Cyber Crimes against Women in India by Debarati Halder and K Jaishankar, New Delhi: Sage, 2017; pp xvii + 252, ₹795.

The rapid expansion of internet-enabled media and digital communication technologies in India has sparked a new wave of political enthusiasm among net-savvy citizens and opened up exciting avenues for social relations among millennials. Latest estimates suggest that 30% of Indians have internet access, and a majority of them access the net on mobile phones. However, a persistent gender gap in digital access has accompanied the impressive growth of digital technologies and internet communications. Even more, regressive gender tropes and violence against women have penetrated the digital spaces, leaving the optimists to rethink their pronouncements on the possibility for radical empowerment through the digital.

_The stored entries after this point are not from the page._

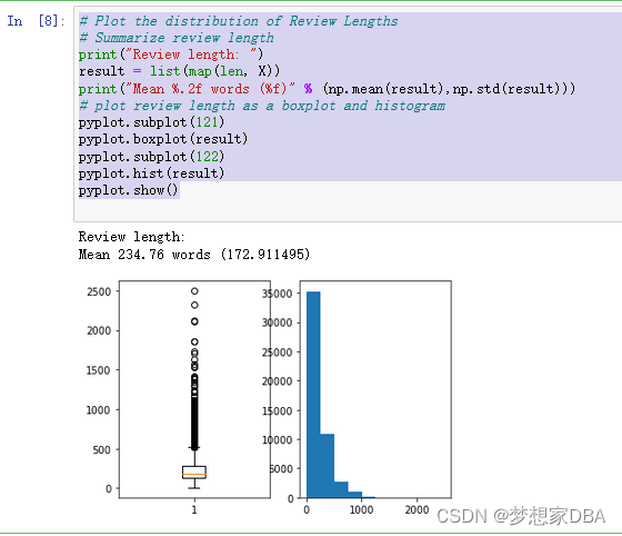 这段代码展示了如何使用Python的numpy和pyplot库来分析评论长度。首先,它计算了评论的平均长度及其标准差。然后,通过创建一个盒图和直方图来可视化这些长度,帮助理解数据分布。修改后的代码将`map`结果转换为列表,以便于后续的可视化操作。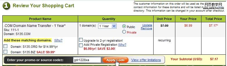 5、这一步可以输入Godaddy优惠码。即使不输入优惠码,域名转入默认已经有优惠, .com域名转入续费一年的价格为6.99美元,再加上0.18美元的税,共计7.17美元,折合人民币不到50元。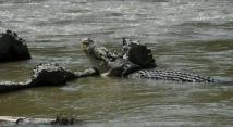 مجرم هرب من الشرطة واختبأ في بحيرة تماسيح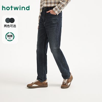 百亿补贴:热风男士牛仔裤加绒长裤2025年冬季新款合体小锥牛仔裤宽松宅脚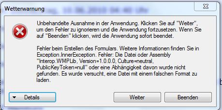 Leider muß ich auch Berichten das der Fehler noch da ist denn Heute Morgen hatten wir Unwetterwarnung !!! Danke TheWatcher2k3 ich konnte mir auch nicht so recht Vorstellen das es an den Media Player liegt da ich von Anfang an (Install Win7 64Bit) schon den VLC Player als Standard benutze. Die Vorgänger Version lief ja ohne dieses Problem !!! :-)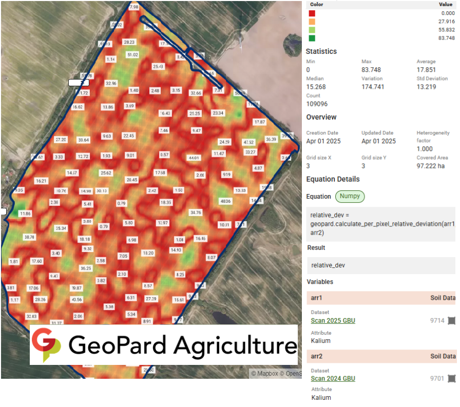 The usage of `geopard.calculate_per_pixel_relative_deviation(dataset_1, dataset_2)` with parameters explanation is documented [here](https://docs.geopard.tech/geopard-tutorials/product-tour-web-app/equation-based-analytics/catalog-of-custom-functions#calculate_per_pixel_relative_deviation).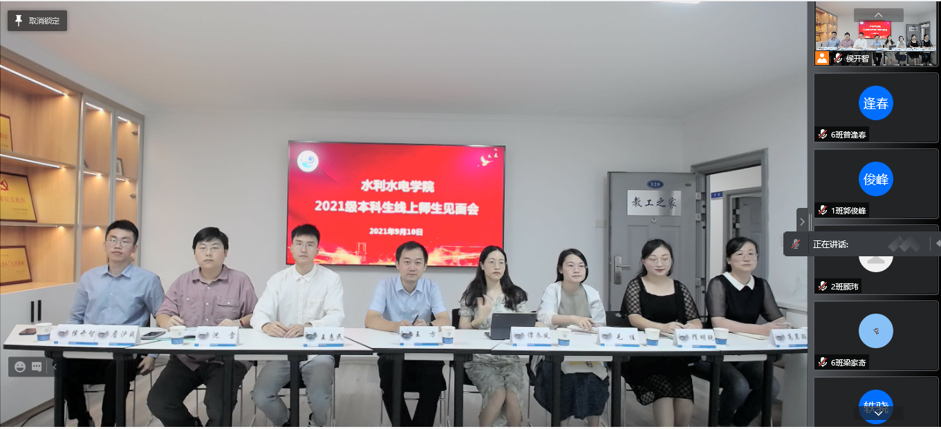 在2021级研究生新生见面会上,学院党委副书记王方、学院各研究所教师代表、学院研究生辅导员赵志涵及研究生会和各专业研究生代表出席会议,2021级全体研究生新生参会,研究生辅导员赵志涵主持会议。王方副书记强调,研究生阶段要严格要求自己,不断提高思想素质和科研素质能力,树立社会责任心与历史使命感,为水利事业发展贡献青春力量。在学科专业教育中,各系所教师代表就学科特色、师资力量、研究方向、科研条件和就业去向等方面介绍。辅导员召开2021级研究生年级大会。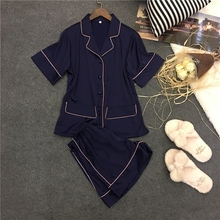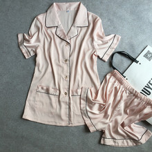 17年夏季短袖短裤睡衣女 学生甜美可爱休闲衬衫领真丝家居服套装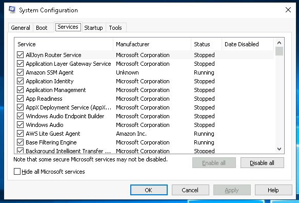 - Here you can do more than enable and disable a service, such as view the Properties for the service.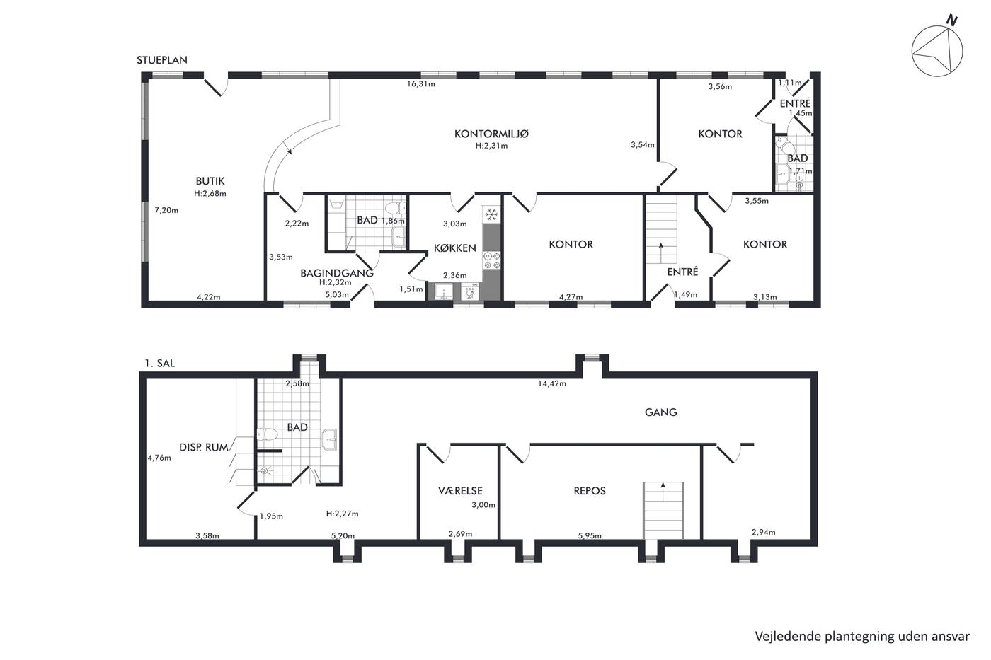 Der er en tale om et indbydende lejemål med god plads til storrumskontor o.l., hvor der kan etableres flere arbejdsstationer og hvor der er mulighed for flere møderum/kontorer. Herudover er der køkken og toiletfaciliteter.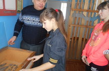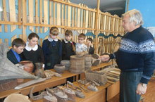 Сегодня прошёл очередной музейный урок в 5 классе. Руководитель школьного музея Колчин Ю.М. познакомил ребят с историей села и школы, с предметами быта и ценными экспонатами музея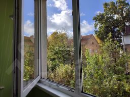 - окна квартиры с видом на зеленый сад
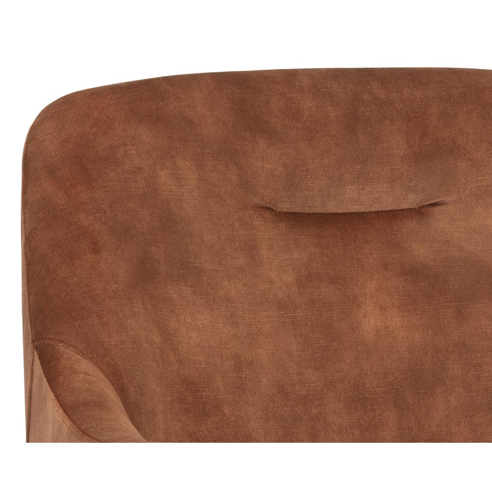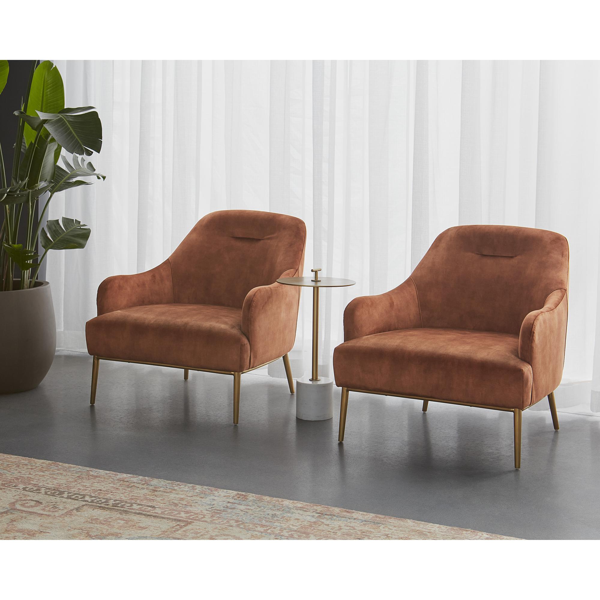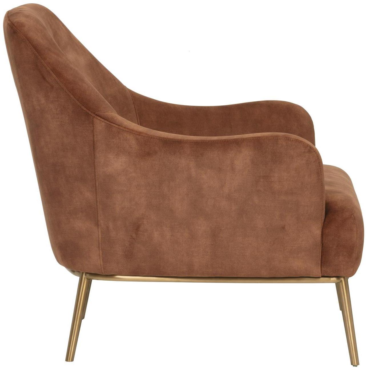 An elegant lounge chair with mid-century modern influence. Designed with a comfortable, single tufted seat and sloping arms. Stocked in a beautiful, velvet-like nono petrol, rust or shitake fabric. Nono fabric features a natural variation of light and dark sections. An exposed gold stainless steel frame and legs complete the look.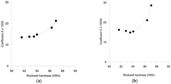 These depths are being worn for each blow and it was assumed that the wear rate did not change. The wear tolerance was set to 0.4 mm. The correlation between work-piece properties and tool life are shown in Figure 6a,b.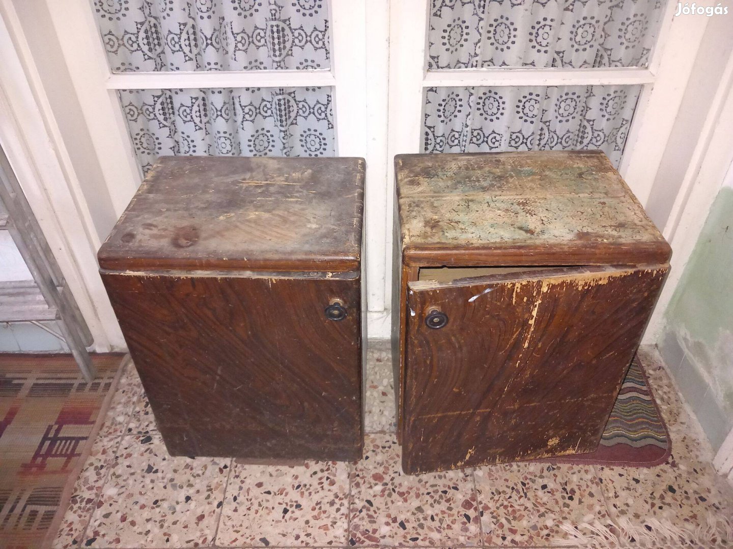 Eladó a képeken látható 2 db régi, retró éjjeli szekrény, felújításra, átfestésre szorulnak.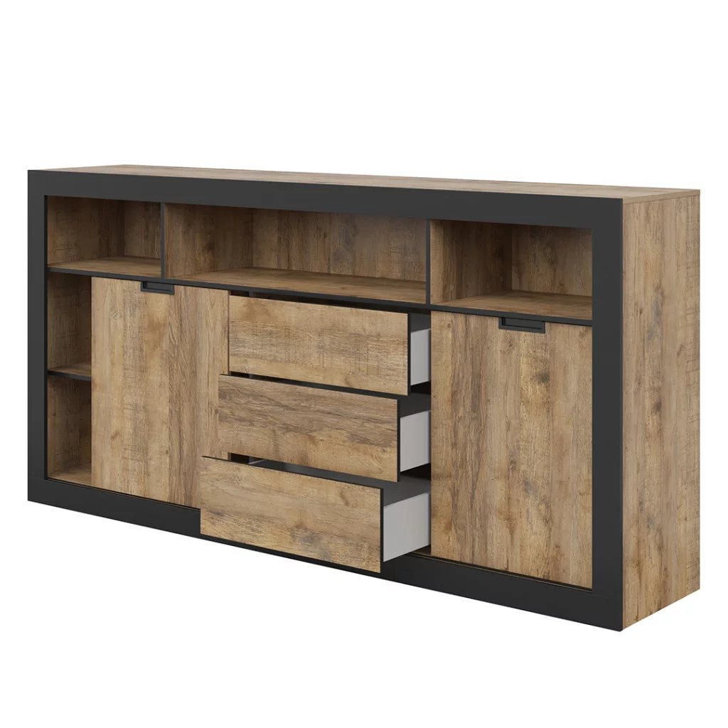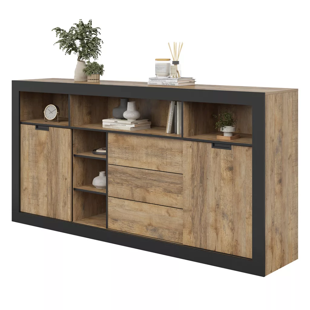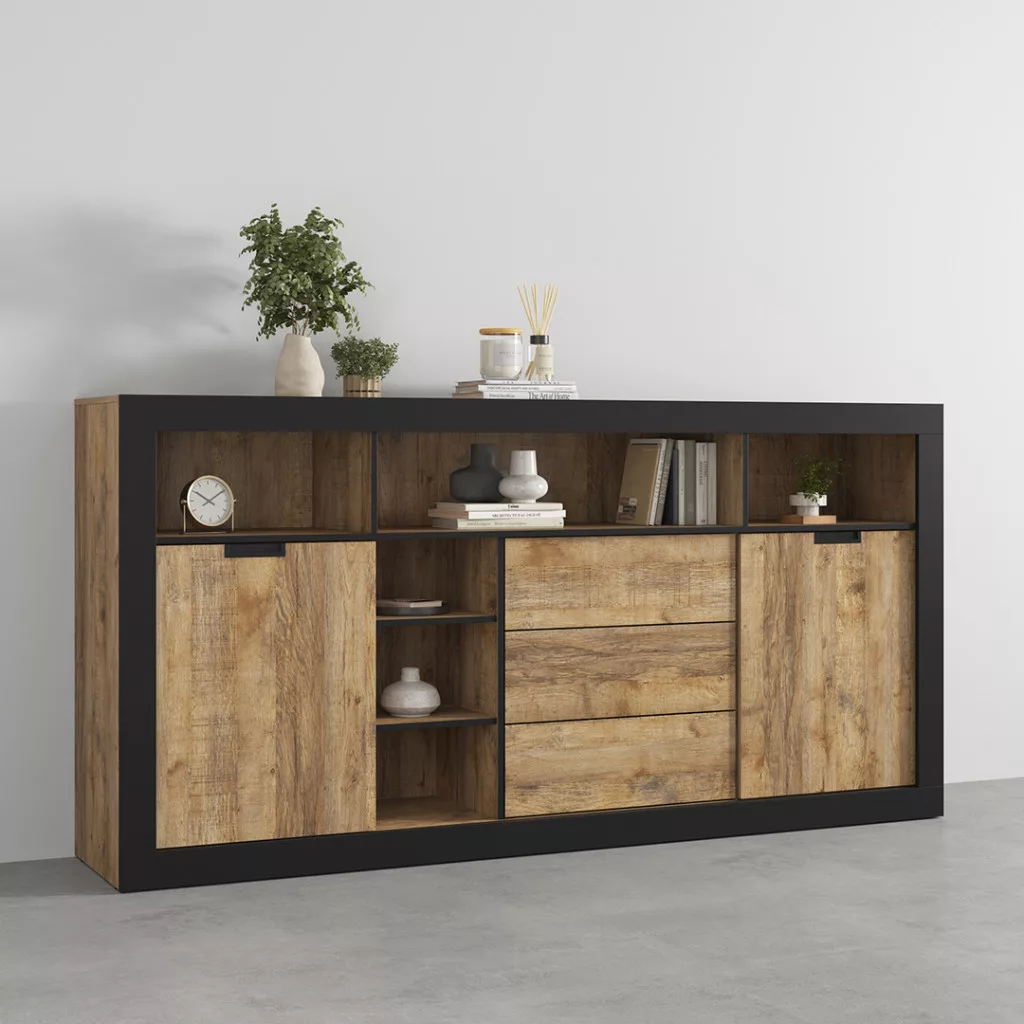 Tudor 2 ajtós, 3 fiókos tálalószekrény (24WSNZ43) - szamdal tölgy/matt fekete
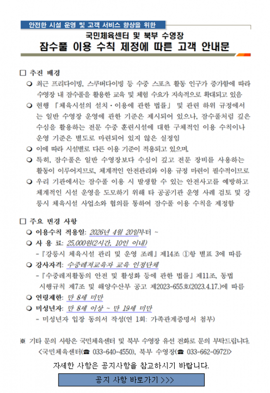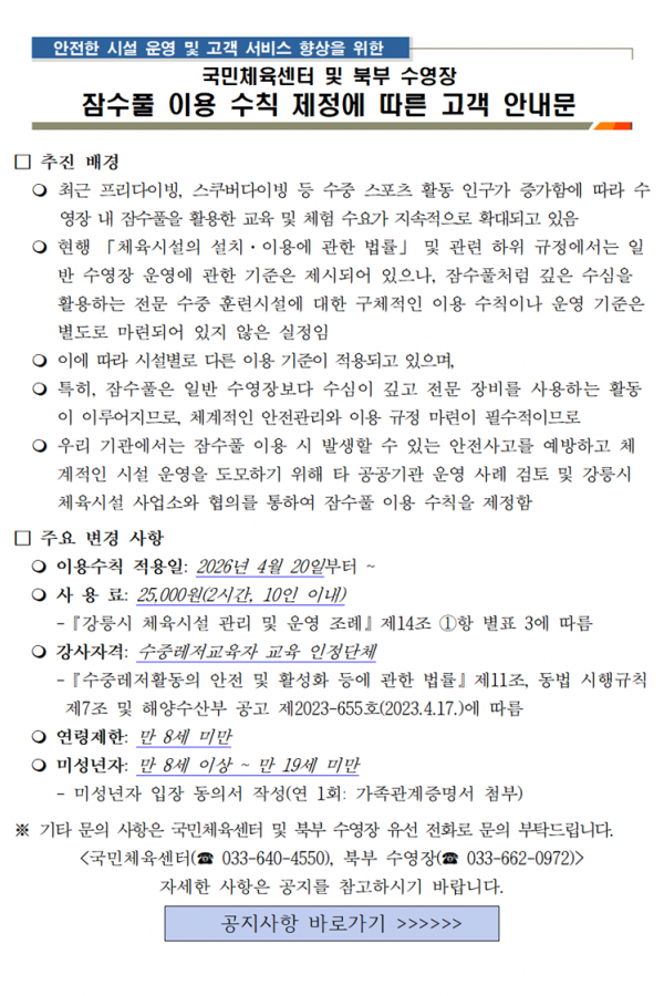 강릉시 공공수영장 잠수풀 이용수칙 안내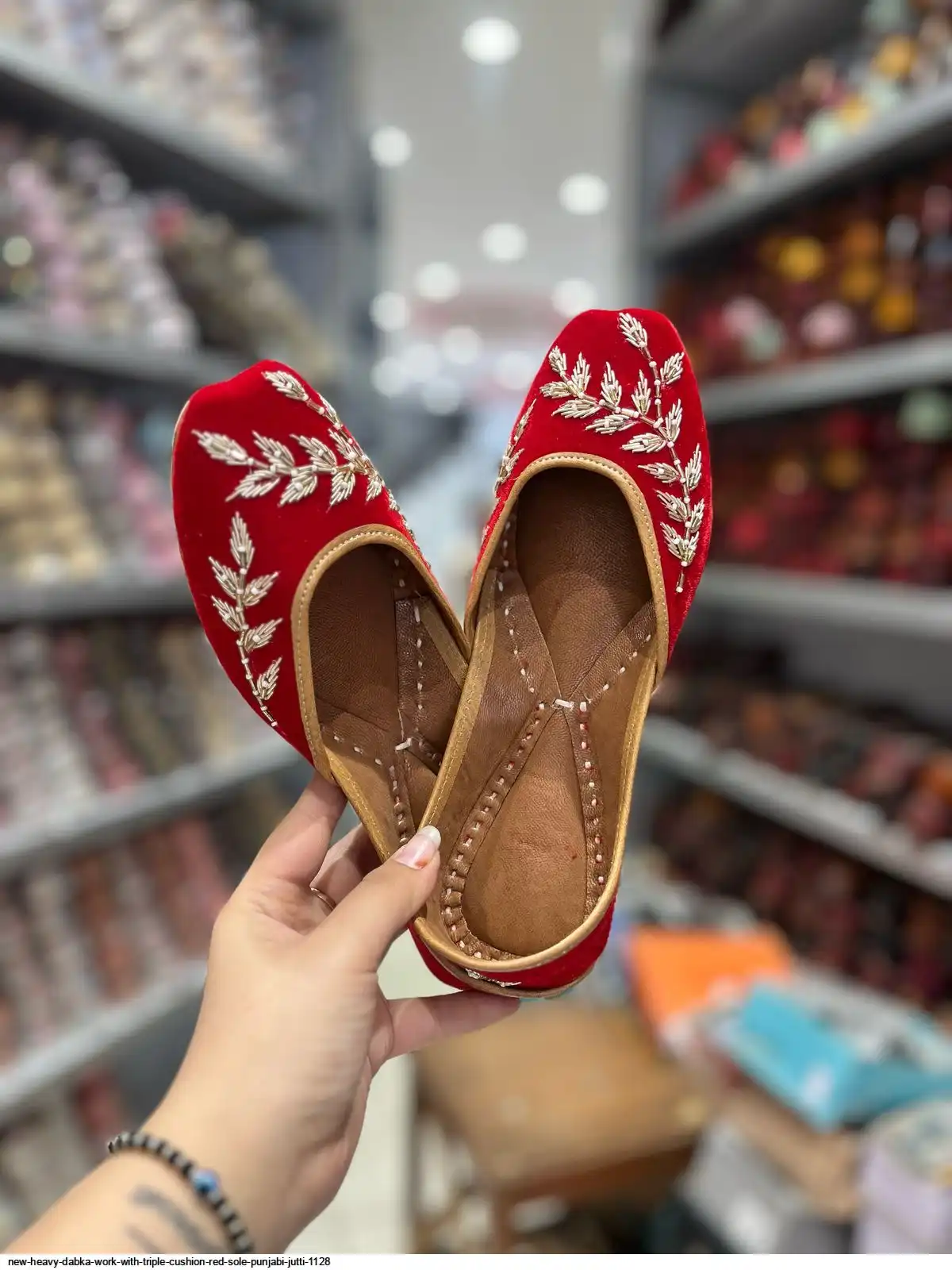 NEW HEAVY DABKA WORK WITH TRIPLE CUSHION RED SOLE PUNJABI JUTTI 1128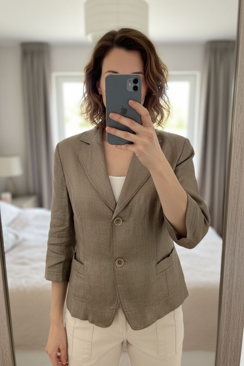 Gerry Weber Blazer Leinen Metallic Beige Braun Gr. 40 tailliert 3/4 Arm aufrecht stehend, der Kamera zugewandt, in einem sanft beleuchteten Schlafzimmer, mit natürlichem Licht, das durch ein Fenster fällt.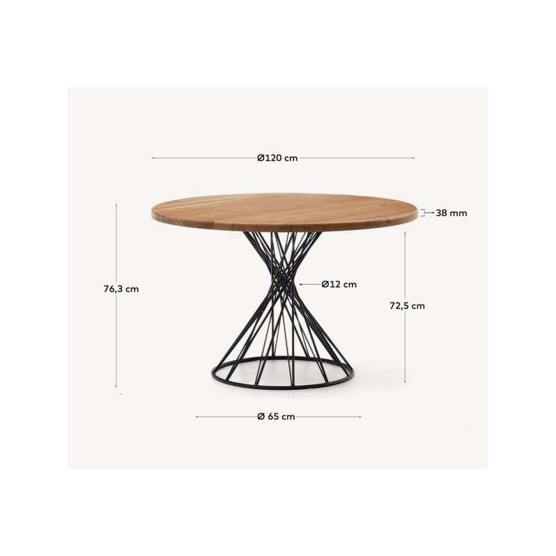 Inu Runder Tisch aus Akazienholz und Stahlstruktur, fügen Sie dank der besten Materialien und Oberflächen Design hinzu.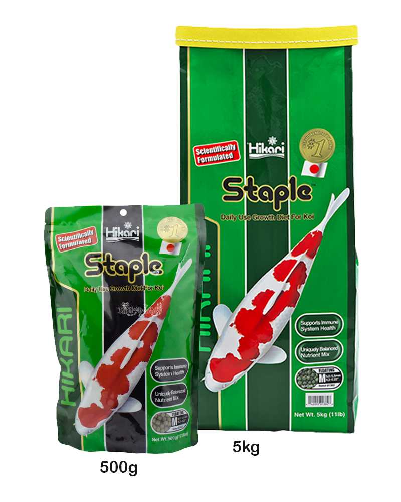Hikari Growth & Maintenance Diet Staple อาหารปลาคาร์ฟ เม็ดกลาง (500g.) คุณสมบัติช่วยในเรื่องของการเจริญเติบโตมีสารอาหารที่ช่วยเสริมสร้างสุขภาพของระบบภูมิคุ้มกันA Daily Diet For Koi A high quality, basic daily diet made from premium ingredients offering superior growth and health improving characteristics.FEATURESHikari® Staple™ is a lab formulated, daily diet, for feeding Koi and other pond fish in warmer water temperatures. The uniquely balanced ingredients support rapid growth, proper form and efficient utilization. This floating diet will not cloud your water and contains necessary vitamins, including stabilized vitamin C to support immune system health. Note: Hikari® Staple™ contains higher levels of natural ingredients which may cause a slight change in color from one production lot to another. Re

Debarati Halder and K Jaishankar’s book makes a useful contribution to contemporary debates on digital communications by examining cybercrimes and offences against girls and women in India. Taking a sociolegal perspective, the authors provide an up-to-date discussion of the existing legal structure and policy challenges, together with illustrative cases. Scholarship on gender and digital communications in the West has grown tremendously in the last years. Studies on India’s internet landscape are yet to reflect the vast spread and the rapid pace of digital penetration across urban and rural India. Issues of access, digital politics, digital sociality and regulation warrant more empirical work and a systematic documentation of the policy shifts and legal infrastructure.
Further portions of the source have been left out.